Ivanov was the only prominent member of this circle who emigrated to the West. His natural arrogance and peremptory judgements easily won him respect and admiration from his younger contemporaries. He self-consciously promoted himself as the only remnant of the highly sophisticated milieu of the Russian Silver Age. To augment his standing, he issued a book of memoirs, entitled Petersburg Winters, which contained a fictionalized or widely exaggerated account of his experiences with the Acmeists. The book alienated Ivanov from his elder contemporaries but won instant acclaim from his disciples.

Together with the fellow critic Georgy Adamovich and [...] Irina Odoyevtseva, Ivanov became the principal arbiter of taste of the emigrant society, forging or destroying literary reputations at will. However, their literary taste was somewhat deficient: they inadvertently dismissed Tsvetayeva's genuine lyrics (when anonymously submitted by her to a poetry contest) as a crude imitation of Tsvetayeva's manner. They enthusiastically feuded with Berlinese Russian litterateurs, with Vladimir Nabokov becoming the favourite target of their attacks. Nabokov revenged himself by satirizing Ivanov in one of his best known short stories, Spring in Fialta, and by subjecting them to a clever mystification, which resulted in Adamovich's immoderate praise of Nabokov's verses printed under an alias.

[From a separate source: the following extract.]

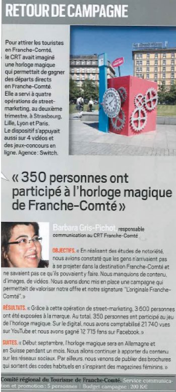 InterMédia, le magazine dédié aux professionnels de la communication en Auvergne Rhône-Alpes a publié dans son numéro dédié aux tendances marketing quelques lignes d’interview d’Armelle Solelhac, PDG de SWiTCH. Elle y parle de mise en marché des destinations touristiques de montagne et notamment de son expérience autour du monde de 274 stations de ski dans 27 pays sur 5 continents. A lire !

Afflicted with alcoholism and suffering from despondency, Ivanov sank ever lower. It was in conditions of abject penury and total despair that Ivanov's best poems were created. The more he let himself go down as a person, the more he rose as a poet. His art culminated in his last cycle of poems, written in the days preceding his death. In one of his last pieces, Ivanov prophetically promised 'to return to Russia as poems'. [..] - Wikipedia

‘Never regularly employed and having made many illwishers through his penchant pour épatage, Ivanov led the last years of his life in semi-starvation, and died in misery and desperation. Only recently has he begun to be recognized as one of the leading Russian poets of the 20th century’ (Terras).